» **TASK INSTRUCTIONS**: In the copy, keep the lines from the first line of the material below through the line containing "近走における4コーナーでの位置取りと上がり順位(頭数補正後) |" exactly as they are, and include no pictures.

(DATA BLOCK Opens)

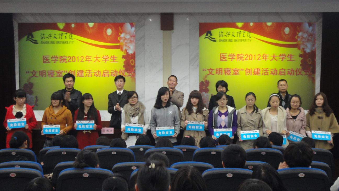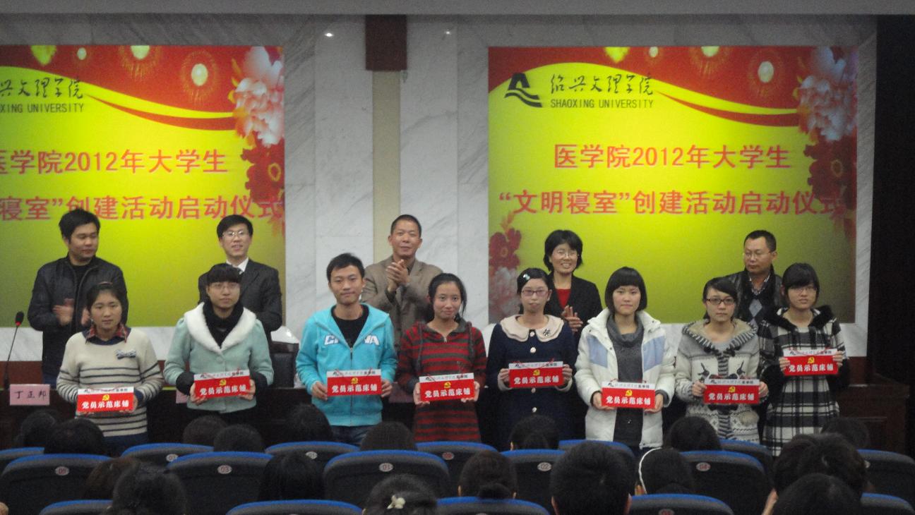 仪式期间,与会领导和老师为我院首批学生“免检寝室”及2012学年第一学期“党员示范床铺”授牌表彰。免检寝室代表朱淼同学做了表态发言,倡议全院学生建设文明寝室,做一个精神富有的当代大学生。
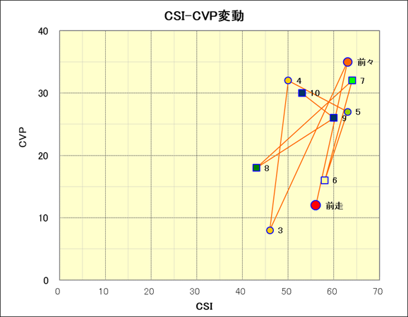 近走における4コーナーでの位置取りと上がり順位(頭数補正後) |
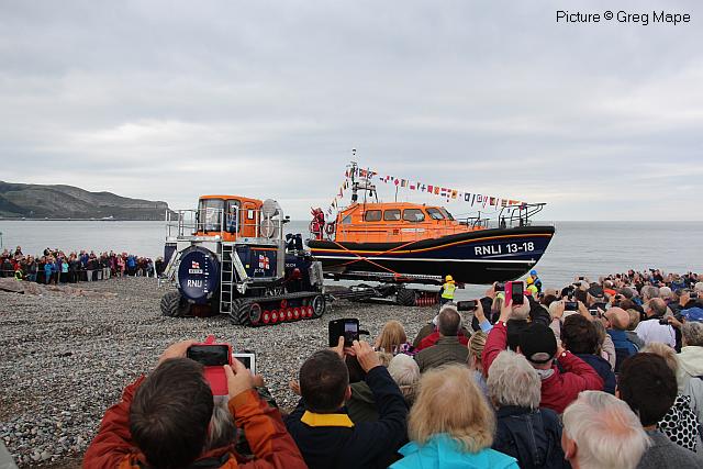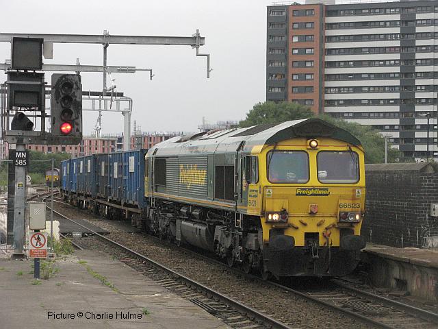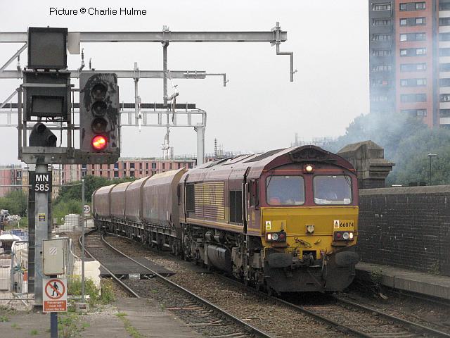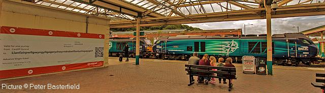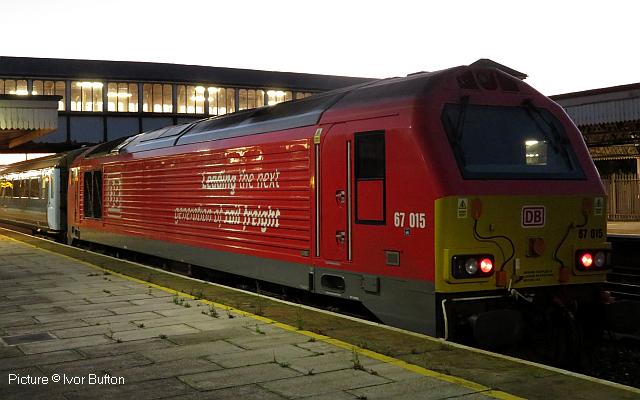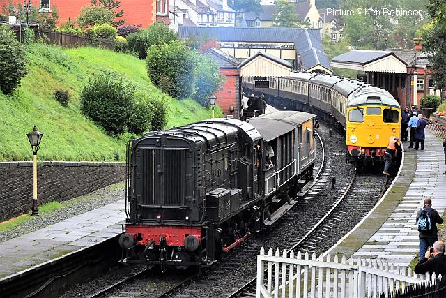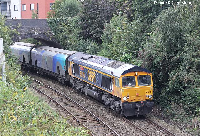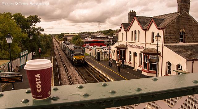 ![]() 67 015 at Rhyl 06:38 Friday 22 September with train 1V91, Holyhead - Cardiff Premier Express. Picture by Ivor Bufton. Llangollen Diesel Weekend![]() The Llangollen Railway diesel gala, as seen on 23 September Above, Brush Type 4 diesel 1566 entering the well kept-station at Glyndyfrdwy with its first working - the 10:20 from Llangollen. Picture by Ken Robinson, who writes: 'The weather wasn't too good, but it was a great day out! The diesel group work very hard to get these things going. I believe 1566 had problems later on in the day which had been rectified by Sunday morning.' ![]() Llangollen station in the rain with English Electric shunter 13065 departing on the first of three brake van trips into Pentrefelin siding where participants got a different lineside view of the passing service trains. On the right D5310 is having problems with the first coach which had to be detached resulting in a 20-minute delay to the 12:55 departure (Ken Robinson). ![]() English Electric Type 3 6940 at the rear of the delayed 13:36 from Carrog to Corwen (Ken Robinson). ![]() Three main line diesel locos were in action, plus the class 104 Railcar, to offer a frequent service along the line. With top-and-tail running to Corwen East the loco change-overs were undertaken at Carrog. Starting things off at 09:45 the class 26 assisted the 104 to Carrog where the loco came off to await the next train. Above, the view from the DMU (George Jones). ![]() D5310 unhooks at Carrog (George Jones). ![]() The second train was headed by the class 47 1566 and became the most powerful locomotive to bring a service passenger train to Corwen, with the class 26 on the rear (George Jones). ![]() George Jones pictured 1566's data panel and writes: 'With a Tractive Effort of 60,000 lb, D1566 was the most powerful locomotive to haul a passenger service train into Corwen (discounting previous test runs). An Ian Allan ABC gives 62,000 lb. It's challenging to compare the power of diesels vs steam. but in terms if Tractive Effort the 47 beats all comers according to published figures for the likes of 'Black 5', West Country, 28XXs 2-8-0s - open for debate ... so far I have found no one who disagrees. [Watch this space.- Ed.] 'The third train was headed by the class 37 with the class 47 on the rear and as such must have been the most powerful combination of locos on a train between Corwen and Carrog. Nothing like this in BR days prior to closure. Club 55Just a reminder that the Arriva 'Club 55' offer for passengers aged over 55 is open until 1 November. Subject to various conditions, it's possible to travel to the far-flung outposts of the Arriva Trains Wales network for as little as £26. Traveller's Tales welcome. TransPennine Express have a similar, but more complex, offer. Llandudno Lifeboat![]() Enormous crowds gathered outside the new lifeboat station at Llandudno on Sunday 24 September to see the arrival of the new £2.2million Shannon class lifeboat William F Yates. ![]() Above the old lifeboat Andy Pearce and William F Yates pass each other (Jim Ikin). ![]() The lifeboat trailer has a turntable on it. Above, we see it turning around the boat, which arrives forwards, gets hauled onto the trailer then turned ready for its next launch (Greg Mape). The Royal National Lifeboat Institution always welcomes donations. We have texted RNLI to 70300 to donate £5, why not follow suit? Peter Basterfield's view![]() Arriva trains Promotion of 'The Big Ticket' re-located to Bangor after it's official opening ceremony at Llanfair PG. ![]() 18 September's flask train (6K41) at Llanfair PG - between a cup and the station with the longest name. Locomotives 68 033 and 68 002 Intrepid. ![]() 20 September, and 6K41 at Wig Crossing with 68 002 now up-front and 68 033 as the train loco. ![]() 22 September's 6D43 at Malltraeth's 19-arch viaduct with 68 033 upfront and 68 002 again. Picture desk![]() 66 710 Phil Packer on a loaded Drax-bound biomass service approaching Altrincham Station on 6 September (Greg Mape). Major Phil Packer MBE is an army officer who was seriously injured while on operational duty in Basra in February 2008. He is noted for gruelling physical challenges to raise money for his charity British Inspiration Trust, which aims to support young people facing adversity. ![]() Track inspection unit 950 001 visited he Conwy Valley line on 19 September, and - we understand - found a fault inside Ffestiniog tunnel. This caused the 13:08 to Blaenau to terminate at and restart from North Llanrwst. The test unit left Blaenau at 16:00 after the fault in the tunnel was fixed, it should have left at 12:09. Dave Sallery took the picture at Blaenau Ffestiniog. ![]() Salford Central station in late afternoon can be a good place to see some freight trains. The three pictures here passed in a 20-minute period. 66 605 (above) was working a new flow of stone from Tunstead to Brindle Heath (Pendleton). ![]() A 'binliner' train to and from Runcorn Folly Lane serves both Brindle Heath and Dean Lane refuse terminals. Half the empty containers on their wagons are left at Bridge Heath, the loco then taking the remainder to Dean Lane, an interesting location as the Network Rail siding runs alongside the single-track Metrolink line to Rochdale through Newton Heath station. 66 523 is on this later duty. In the background, the delayed 15:24 to Peak Forest stone empties awaits a path at the exit from Hope Street sidings. ![]() After waiting for a passenger service, 66 074 emerges from Hope Street over the crossover to pass through Victoria station, then via Guide Bridge, Stockport, Hazel Grove and Chinley to Peak Forest. ![]() On the 'Liverpool line' which passes behind Salford Central without any platforms (yet) 319 450 is see from behind as it passes on a Liverpool - Manchester Victoria service. The tracks here have been relocated slightly to allow for the new 'Ordsall Chord' line. Most of the 319s transferred to Northern and the 319/3 sub-class, which

(DATA BLOCK Closes)

» **FINAL ANSWER**:
 仪式期间,与会领导和老师为我院首批学生“免检寝室”及2012学年第一学期“党员示范床铺”授牌表彰。免检寝室代表朱淼同学做了表态发言,倡议全院学生建设文明寝室,做一个精神富有的当代大学生。
 近走における4コーナーでの位置取りと上がり順位(頭数補正後) |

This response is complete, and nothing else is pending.